# Directions:
Each entry should be transcribed exactly as written, and any picture left out.

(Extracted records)
BEGIN
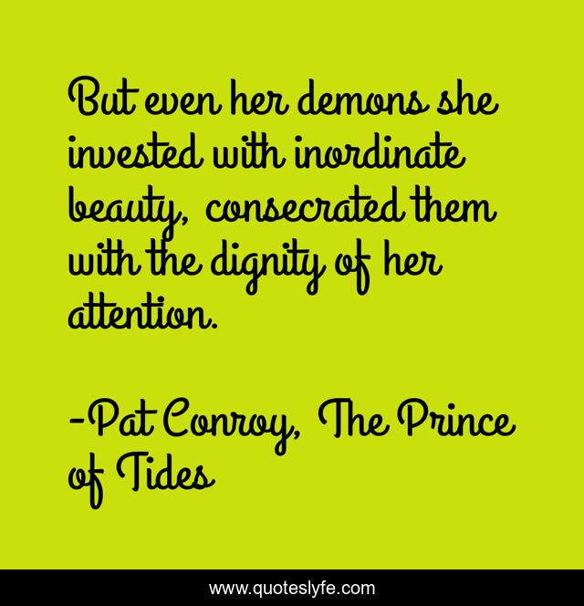 This page presents the quote "But even her demons she invested with inordinate beauty, consecrated them with the dignity of her attention.". Author of this quote is Pat Conroy, The Prince of Tides. .
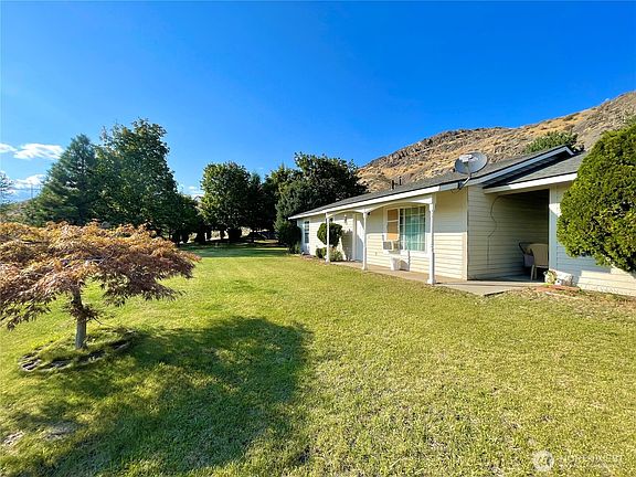 3.5+ ACRES OF SECLUSION IN OMAK - This charming 3 bed, 1.5 bath home offers space, privacy, and room to roam. Spacious kitchen with all appliances, propane stove, breakfast bar and dining area with sliding doors to patio access. Relax in the living room with stunning panoramic views and backyard access. The primary bedroom includes a convenient half bath. Enjoy mature landscaping, shade trees and vibrant perennials; perfect for outdoor entertaining. Plenty of parking for guests, RVs, or toys. Includes a 288 sf attached carport w/storage closet & a 720 sf powered garage w/a bonus room. Quiet rural setting just minutes from town. Community well. Okanogan Irrigation District. Septic. A true retreat with all the conveniences nearby.
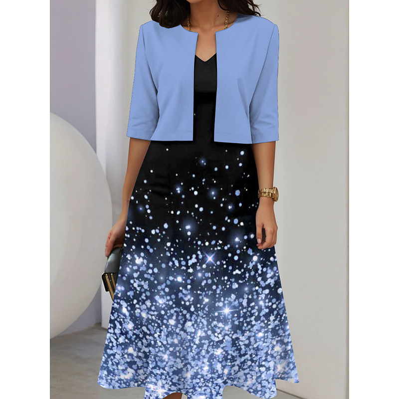 Women's Dress Set A Line Dress Midi Dress Elegant Casual Ombre Graphic Patchwork Print Midi Dress Half Sleeve V Neck Vacation Date Pink Blue Purple Summer Spring Regular Fit
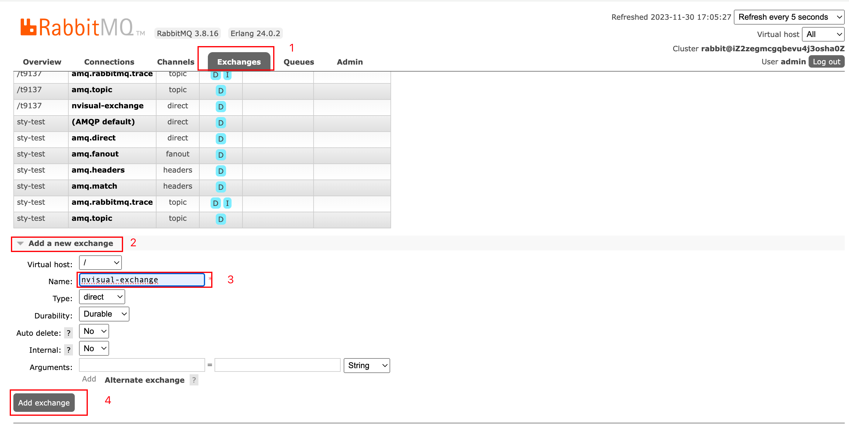 MQExchange为nVisual消息使用默认消息交换机,一般部署rabbitmq时创建,如果rabbitmq没有消息队列时,需要登录rabbitmq客户端页面进行添加“nvisual-exchange”交换机。
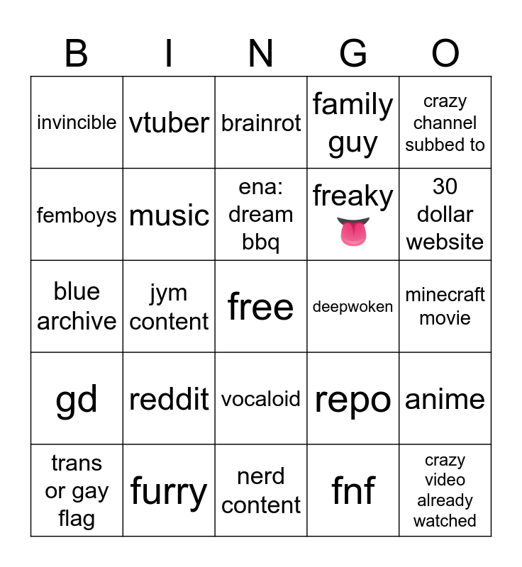 This bingo card has a free space and 24 words: reddit, furry, ena: dream bbq, trans or gay flag, crazy channel subbed to, invincible, femboys, vtuber, deepwoken, vocaloid, freaky 👅, blue archive, repo, anime, music, fnf, minecraft movie, brainrot, 30 dollar website, jym content, crazy video already watched, gd, family guy and nerd content.
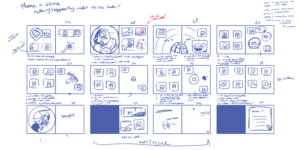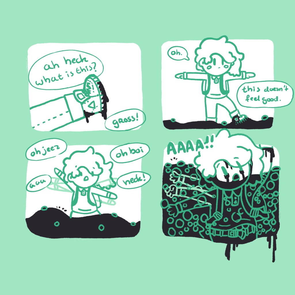 the initial release of the comic in weekly increments on social media and Tapas took place simultaneously to the events in the comic. unsurprisingly, it was those events that forced me to put the comic on an extended hiatus, so i could focus and get a diagnosis. it wasn’t until after my internship semester that i started to pick the comic back up again, working in procreate redoing the artwork entirely and writing the second half of the story.
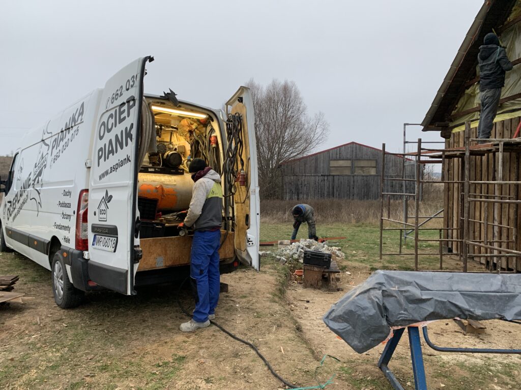 Mateusz und Rapahal hatten in meiner Abwesenheit das Dach fertiggestellt und für die Ausschäumung im Inneren alles vorbereitet. Marek ( der Andere ) hatte die Heizung repariert, das Schneckengetriebe war im Arsch. Nun kann die kolumbianische Kohle wieder KiloJoule anfeuern.
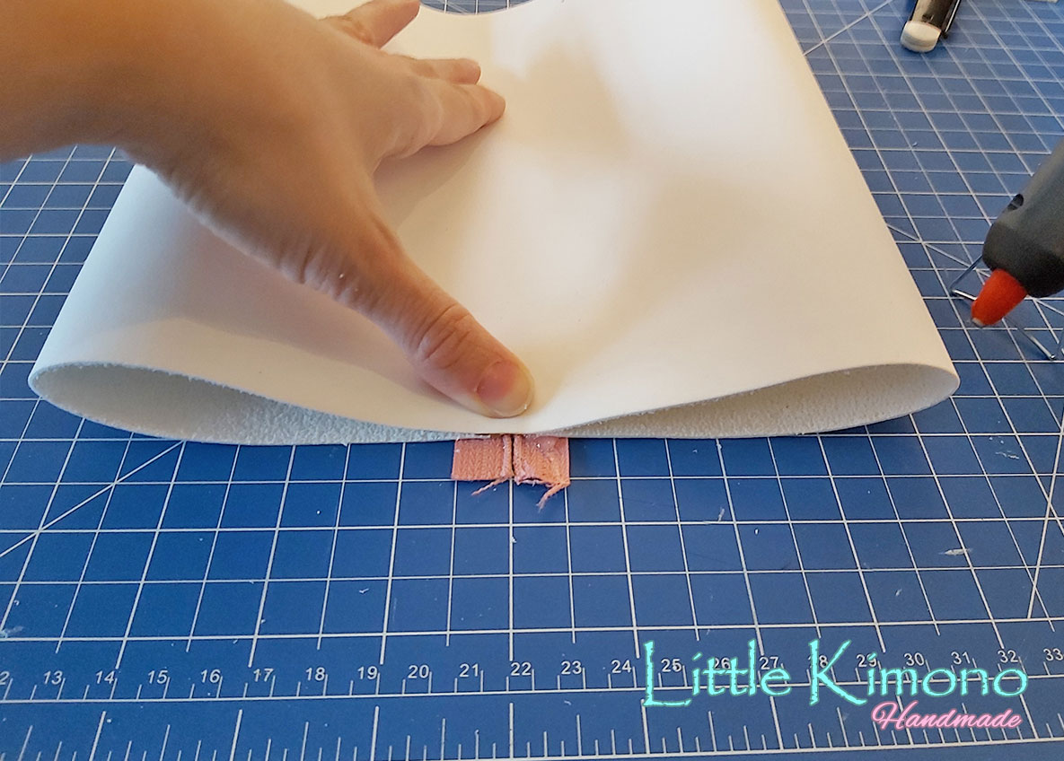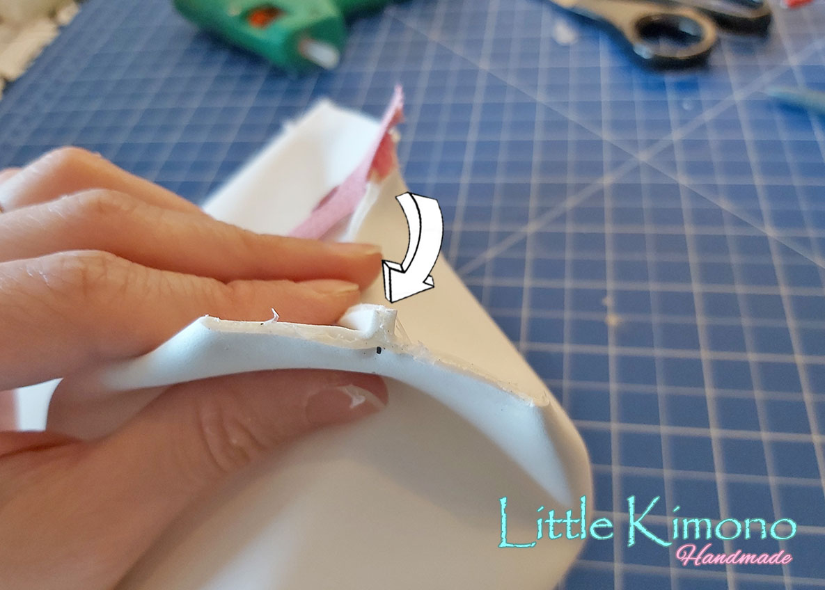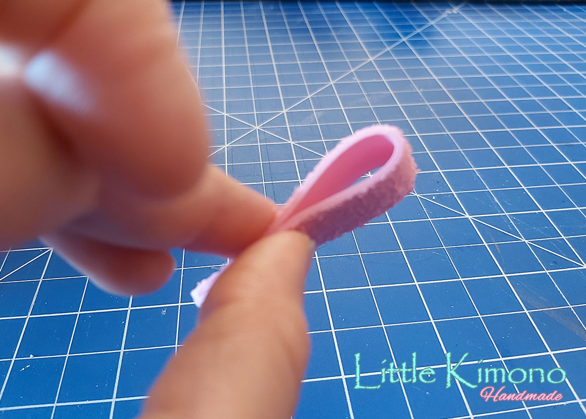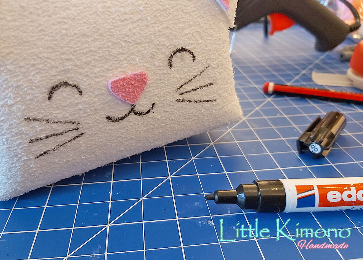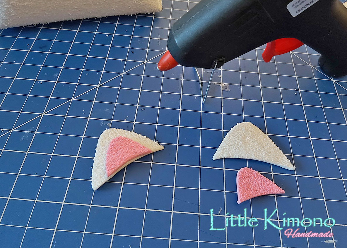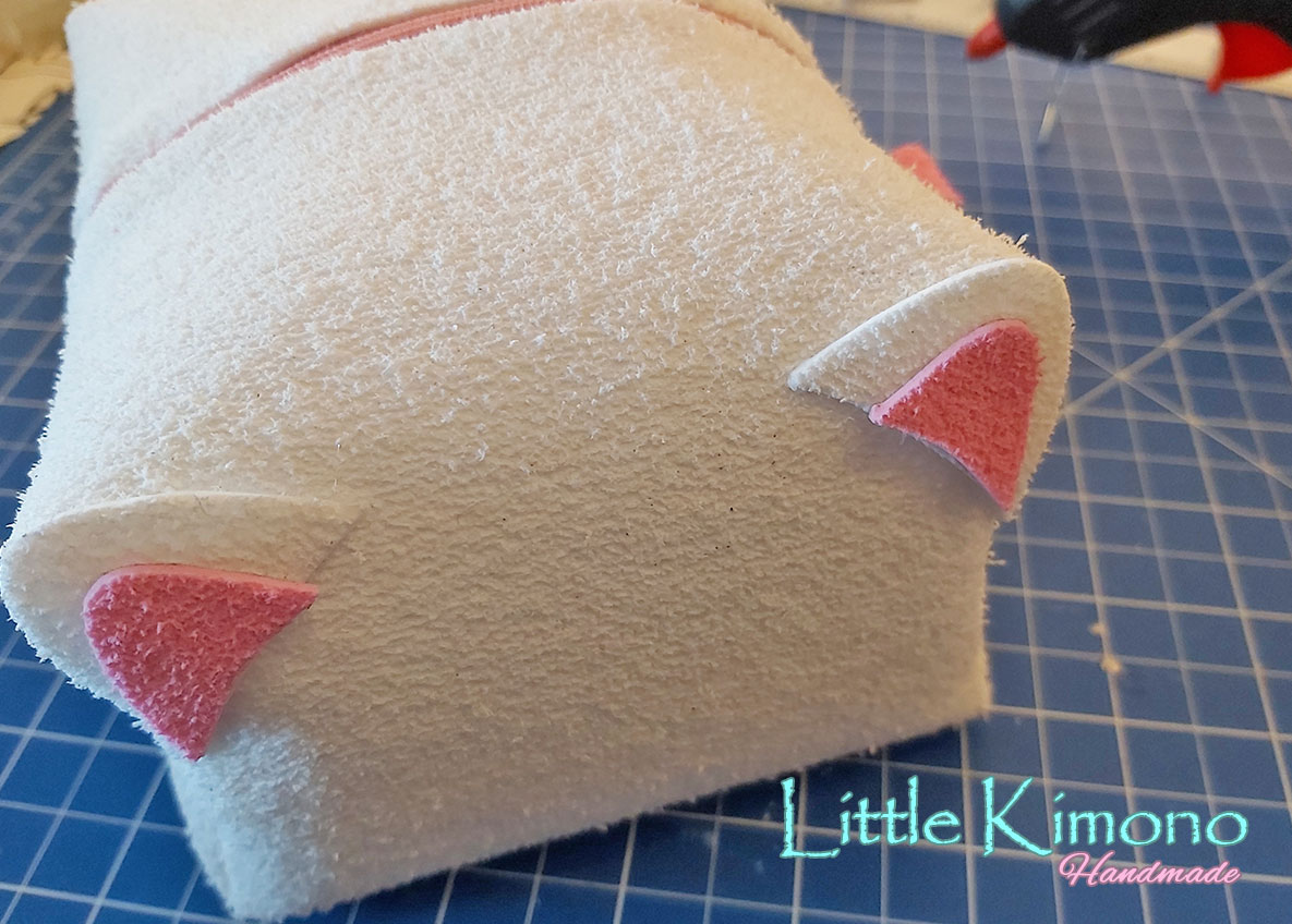 8. Cortamos las orejitas en blanco y rosa y las pegamos a unos de los laterales.
END
# Solved problem:
 This page presents the quote "But even her demons she invested with inordinate beauty, consecrated them with the dignity of her attention.". Author of this quote is Pat Conroy, The Prince of Tides. .
 3.5+ ACRES OF SECLUSION IN OMAK - This charming 3 bed, 1.5 bath home offers space, privacy, and room to roam. Spacious kitchen with all appliances, propane stove, breakfast bar and dining area with sliding doors to patio access. Relax in the living room with stunning panoramic views and backyard access. The primary bedroom includes a convenient half bath. Enjoy mature landscaping, shade trees and vibrant perennials; perfect for outdoor entertaining. Plenty of parking for guests, RVs, or toys. Includes a 288 sf attached carport w/storage closet & a 720 sf powered garage w/a bonus room. Quiet rural setting just minutes from town. Community well. Okanogan Irrigation District. Septic. A true retreat with all the conveniences nearby.
 Women's Dress Set A Line Dress Midi Dress Elegant Casual Ombre Graphic Patchwork Print Midi Dress Half Sleeve V Neck Vacation Date Pink Blue Purple Summer Spring Regular Fit
 MQExchange为nVisual消息使用默认消息交换机,一般部署rabbitmq时创建,如果rabbitmq没有消息队列时,需要登录rabbitmq客户端页面进行添加“nvisual-exchange”交换机。
 This bingo card has a free space and 24 words: reddit, furry, ena: dream bbq, trans or gay flag, crazy channel subbed to, invincible, femboys, vtuber, deepwoken, vocaloid, freaky 👅, blue archive, repo, anime, music, fnf, minecraft movie, brainrot, 30 dollar website, jym content, crazy video already watched, gd, family guy and nerd content.
 the initial release of the comic in weekly increments on social media and Tapas took place simultaneously to the events in the comic. unsurprisingly, it was those events that forced me to put the comic on an extended hiatus, so i could focus and get a diagnosis. it wasn’t until after my internship semester that i started to pick the comic back up again, working in procreate redoing the artwork entirely and writing the second half of the story.
 Mateusz und Rapahal hatten in meiner Abwesenheit das Dach fertiggestellt und für die Ausschäumung im Inneren alles vorbereitet. Marek ( der Andere ) hatte die Heizung repariert, das Schneckengetriebe war im Arsch. Nun kann die kolumbianische Kohle wieder KiloJoule anfeuern.
 8. Cortamos las orejitas en blanco y rosa y las pegamos a unos de los laterales.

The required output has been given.